I have a dataframe in the following general format:
id,transaction_dt,units,measures
1,2018-01-01,4,30.5
1,2018-01-03,4,26.3
2,2018-01-01,3,12.7
2,2018-01-03,3,8.8
What I am trying to accomplish is stack and enumerate the 'transaction_dt' based on the value of 'units' field in same record and unroll them into new records to produce something like this:
id,transaction_dt,measures
1,2018-01-01,30.5
1,2018-01-02,30.5
1,2018-01-03,30.5
1,2018-01-04,30.5
1,2018-01-03,26.3
1,2018-01-04,26.3
1,2018-01-05,26.3
1,2018-01-06,26.3
2,2018-01-01,12.7
2,2018-01-02,12.7
2,2018-01-03,12.7
2,2018-01-03,8.8
2,2018-01-04,8.8
2,2018-01-05,8.8
I have been working on trying to create a vectorized performant version of the answer to my prior question that someone was kind enough to answer here: Python PANDAS: Stack and Enumerate Date to Create New Records
df.set_index('transaction_dt', inplace=True)

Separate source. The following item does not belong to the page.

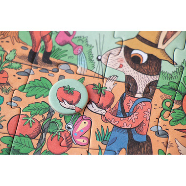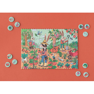 These rabbit friends grow strawberries, lettuce, watermelons, pears, and many more delicious fruits and vegetables. Once the puzzle is assembled, have fun finding all the details of their garden! A small 24-piece puzzle that includes 12 observation pieces to learn about the garden, fruits, and vegetables! A pocket-sized puzzle to take anywhere.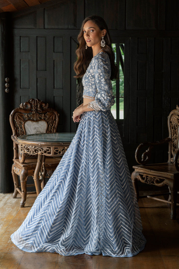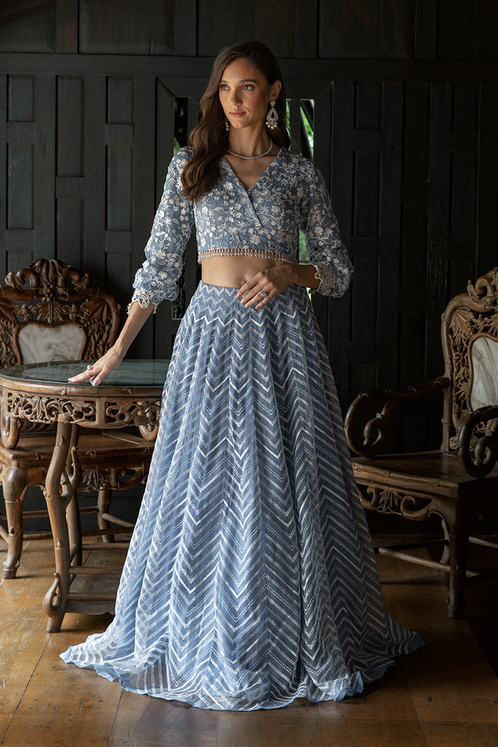 Attention to silhouette defines this pairing as much as embellishment. The blouse, in cornflower blue organza, is embroidered in a delicate web of white florals, its surface alive with finery. The wraparound neckline subtly sculpts, while bishop sleeves add tempered volume. Hand worked details bloom with silver zardozi, sequins, and beadwork for a textured crescendo on the cuffs. Crystal tassels fringe the hemline, adding another whisper of shimmer. In contrast, the pooling skirt emphasizes clean lines, its paneled length embroidered with detailed white chevrons that elongate and sharpen the silhouette. Altogether, the organza ensemble carries a cut that flatters, a craft that elevates, and a composition that moves with poise.

df.apply(lambda x: pd.Series(pd.date_range(x.name, periods=x.units)), axis=1). \
stack(). \
reset_index(level=1). \
join(df['measure']). \
drop('level_1', axis=1). \
reset_index(). \
rename(columns={0:'enumerated_dt'})
This does work but I have a very large dataset to run this on, so I need to invest in optimizing it a bit more. He suggests creating an array of all dates which I can do with something like this:
date_range = pd.date_range('2004-01-01', '2017-12-31', freq='1D')
And he suggests then reindexing the array and forward filling the values somehow. If anyone could help me, I would sincerely appreciate it!